= 1898 Serbian parliamentary election =

Parliamentary elections were held in Serbia on 23 May 1898 to elect members of the National Assembly. The result was a victory for the Liberal Party, which won 112 of the 194 seats.

==Background==
The parliamentary elections of June 1897 had been boycotted by the Liberal Party, while the Serbian Progressive Party had been dissolved prior to the elections. As a result, the People's Radical Party won all seats in the National Assembly.

The Radical Party's Đorđe Simić remained Prime Minister, but was dismissed by King Alexander I in October 1897 and replaced by Vladan Đorđević.

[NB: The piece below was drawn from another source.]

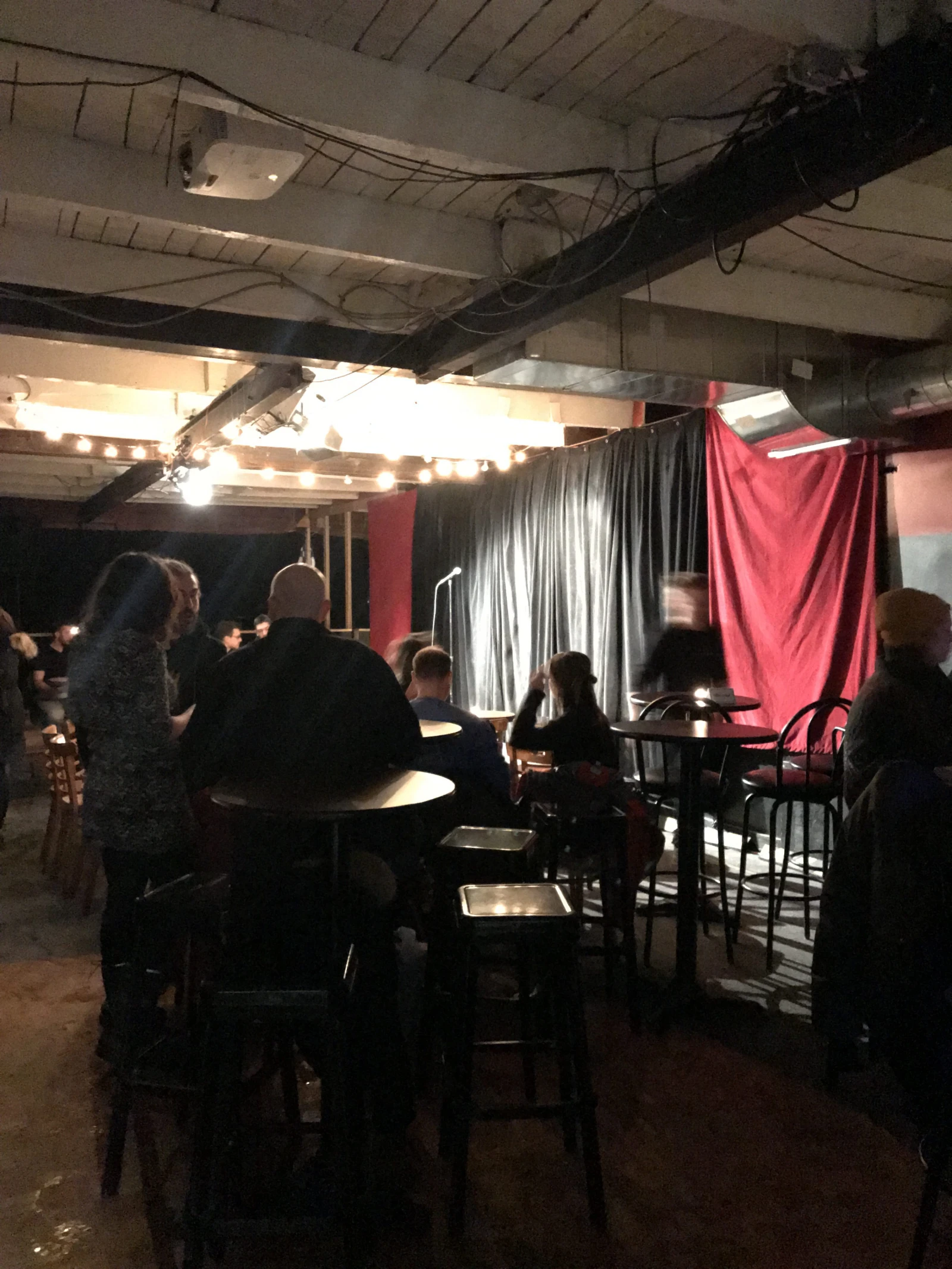 Le spectacle débute à 20h et les portes ouvrent à 19h. Arrivez quand vous voulez, toutes les places sont bonnes. Mon choix s’est porté sur un tabouret haut, accotée à une planche de bois près de la porte d’entrée (là où personne ne veut s’asseoir) : visibilité impeccable malgré la horde de gensses statchée devant moi.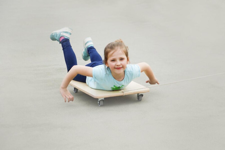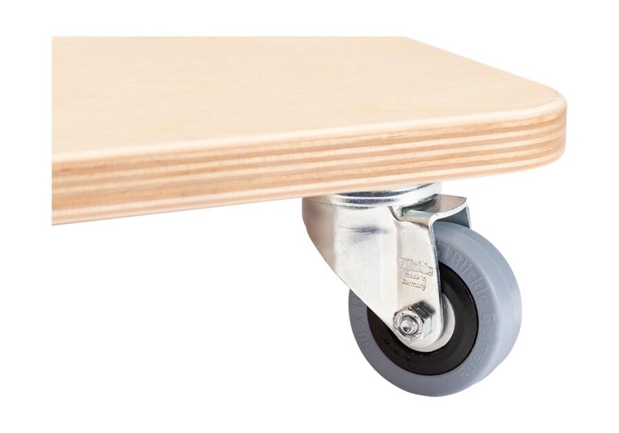 Stevige houten rolplank met soepel draaiende wielen voor bewegingsspel in klas en thuis. De vier zwenkwielen met kogellagers rollen licht en geven goede controle. Twee bevestigingsgaten maken touwtrekken, slepen of teamopdrachten eenvoudig en veilig. Het lage oppervlak helpt bij evenwicht, core-stabiliteit en motoriek.

On 14 March 1898 the Assembly was dissolved, with the intention of holding new elections. A decree was issued on 18 April setting the election date as 23 May. 194 members were elected, up to 65 additional members appointed.

==Campaign==
The Liberal Party contested the elections in an alliance with the Serbian Progressive Party, while the People's Radical Party ran alone after failing to agree any alliances.

==Results==
Amidst manipulation by the police, the Liberal Party won a majority of the seats. The Progressives finished second, while the People's Radical Party won only one seat. The appointed members were largely supporters of the Liberal Party.

| Party |  | Seats |
|  | Liberal Party | 112 |
|  | Serbian Progressive Party | 62 |
|  | People's Radical Party | 1 |
|  | Independents | 19 |
| Total |  | 194 |
Source: Hoare

==Aftermath==
Sima Nestorović was appointed president of the National Assembly and Dragomir Rajović as vice president. Vladan Đorđević remained Prime Minister.